Through the magic of the Blogflux people, I can see the google searches people have used which have led them to the Drunken Housewife. Here are my most recent favorites:

a foreigner in her native land This is sadly all too true, especially when I venture out of my special adopted homeland, the Bayeria. The last time I visited a red state, I unintentionally got into a number of arguments about politics and began to think I was going to have to fight my way out: "The Drunken Housewife's Escape From Red Island."

drunken housewife Panama
I did go to Panama once, how did they know? I got pretty spectacularly drunk there, as well (as opposed to such destinations as Austria and France, where I was rather modest in my consumption), making it quite a propos for finding this blog.

when is ringworm in kittens not contagious anymore
Answer: when hell freezes over.

housewife+farting We'll leave the fart jokes to the children, please.

mr. clean and housewife costumes How hard could that be? People, please. We must do SOME of our thinking for ourselves.

rapt housewife (sounds so poetic)

dollhouse miniatures foods sardines tins How the hell does that lead to me?
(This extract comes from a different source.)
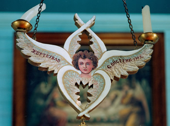 Aside from the archangels, the six-winged seraphim are very popular in Ukrainian iconography. Scripture informs us that they are positioned close to their Creator and the prophet Isaiah wrote: “Above him were seraphs, each with six wings: With two wings they covered their faces, with two they covered their feet, and with two they were flying.” (Isaiah 6:2). Seraphim resemble fire and the word actually means “enflamed” in Hebrew. Perhaps this is why we often see the image of a seraphim on the eternal light placed before the iconostas in Ukrainian churches.

Was I 1,299th of 5,775 possibilities, and the first 1,298 failed to satisfy?

drugged housewives
(I wish).

crabby housewives clip art When you find some, let me know.

yogurt tequila drinks If I were drunk enough, I would try one, but I'm not going to walk into a bar anytime soon and ask, "Can ya make me somethin' with yogurt and tequila? And maybe a cherry?"

"fucking short stories"

tuesday subway sandwich special petaluma

vegetables that can't be found in the philippines
I didn't get served any eggplants or rutabagas when I lived there; is that helpful to anyone?

+"study" +"homeopathy" +"screenwriter" +"baby"

"the simpsons" + "smokes butter"
I told Iris about this one, and it made her happy. She loves to rant about how Homer smoked butter.

using orthodontic elastics on braids
This is so basic a concept that it causes one to wonder: Why the hell is someone googling that? Just put the frigging elastics on the end of the braids! Did you think it would straighten curly hair? Or were you concerned that angry orthodontists would pluck the elastics out of your child's hair?

buck naked bare bottom boys This is not so funny, as I was an auditory witness to Buck Naked's death. I miss you, Buck Naked. There will never be another video as perfect as your "Teenage Pussy From Outer Space".

DRUNKEN RAT My first pet rat got drunk once. I was enrapt in a phone conversation, and when Husband 1.0 yelled at me, I noticed my rat hanging from his hind legs into my cup of sake, sucking it down feverishly. He ran around kind of crazily for awhile, and then laid down blearily in his cage for the rest of the night. I imagine he had the cage-spins, poor thing.

pictures of mid age housewives (sorry, maybe someday)

and the winner for Best Google Search Yet That Ended Up Here:

just ate soup i scraped mold off

I only hope I was of some meager help to you, dear moldy-soup eater, and that you have recovered fully from your fateful meal.